Ollama Adapter
Overview
Mechanism: HTTP POST to local Ollama server (/api/chat) with stream: true.
Why Ollama for cheap/local tasks:
- Zero cost per call — ideal for classification, routing, extraction
- Sensitive client data never leaves the machine — data sovereignty
- Works offline / air-gapped — required for some enterprise on-prem tenants
- No rate limits, no API quotas
When to use:
- Topic Researcher, Research Note Writer
- Content Researcher (scraping + extraction)
- Task classification and routing
- Session summarisation (reduce cloud spend)
- Any task involving sensitive client data where the tenant has set
dataPrivacyLevel: 'local_only' - Enterprise on-prem tenants that have disabled cloud providers
Configuration
interface OllamaAdapterConfig {
model: string; // e.g. 'gemma3:4b', 'llama3.2', 'mistral'
baseUrl: string; // default: http://ollama:11434
timeoutMs: number;
}How Data Flows IN
POST http://ollama:11434/api/chat
Content-Type: application/json
{
"model": "gemma3:4b",
"stream": true,
"messages": [
{ "role": "system", "content": "<skills content prepended + system prompt>" },
{ "role": "user", "content": "<task prompt>" }
]
}The system content is the skills Markdown concatenated with the system prompt. Ollama’s message format mirrors OpenAI’s chat format. Conversation history is threaded as prior user/assistant turns appended to the messages array.

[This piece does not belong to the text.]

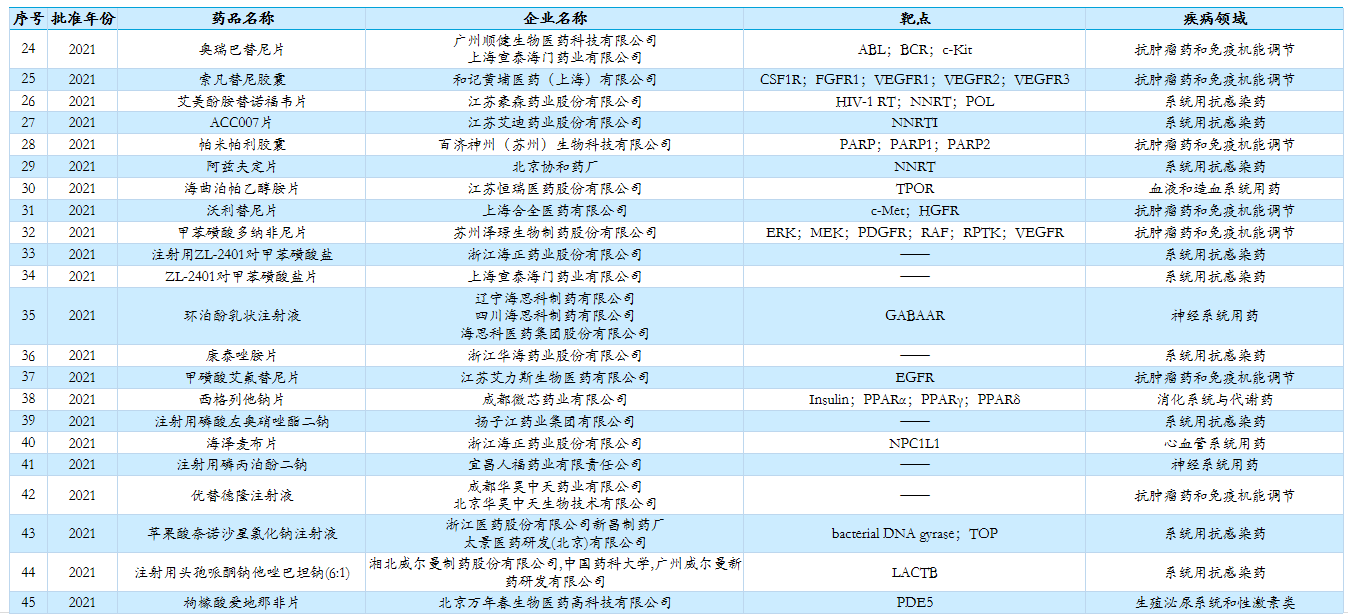 2021年批准上市Ⅰ类新药(化学药)

How Data Flows OUT — NDJSON Streaming
{ "model": "gemma3:4b", "message": { "role": "assistant", "content": "Why " }, "done": false }
{ "model": "gemma3:4b", "message": { "role": "assistant", "content": "Your " }, "done": false }
{ "model": "gemma3:4b", "message": { "role": "assistant", "content": "" }, "done": true, "eval_count": 89, "prompt_eval_count": 201 }The adapter reads the response body line by line (NDJSON). When done: false, it accumulates message.content. When done: true, it captures eval_count (output tokens) and prompt_eval_count (input tokens) for cost logging. Cost is always $0.00 for local models.
Session Handling
Ollama has no built-in session management. History is maintained manually:
- Message history stored in MongoDB
sessionscollection (same pattern as OpenAI) - Context limit is model-dependent (Gemma 3 4B = 8k tokens); older turns are summarised when approaching the limit
Skills Injection
There is no --add-dir equivalent. Skills content is injected directly into the system message:
- Skills content is retrieved from MongoDB as Markdown strings
- Concatenated and prepended to the system message:
[skill1content]\n\n---\n\n[skill2content]\n\n---\n\n[systemPrompt] - All content is sent upfront with every request — this consumes tokens on every call, unlike Claude’s
--add-dirwhich is lazy (Claude reads files only when it needs them)
Health Checks
Before dispatching a task, the worker optionally runs testAdapter() to verify the adapter is operational.
OllamaAdapter checks:
| Check | What it verifies |
|---|---|
| Server reachable | GET http://ollama:11434/api/tags returns 200 |
| Model available | Configured model name appears in the tags list |
When health checks run:
- On agent creation — validate before the agent is set to
active - On manual “Test Connection” from the Manage App agent config screen
- Optionally on worker startup — configurable per deployment; skipped if
ADAPTER_HEALTH_CHECK_ON_START=false - Health check failures do not block existing queued work — they surface as a warning on the agent config record
Cost Source
Always $0.00 — local inference, no API billing. Token counts (eval_count + prompt_eval_count) are still recorded in llm_calls for usage visibility.
Timeout
HTTP fetch with AbortController at timeoutMs. The activity run is marked failed with error: 'timeout' and BullMQ retry policy picks it up.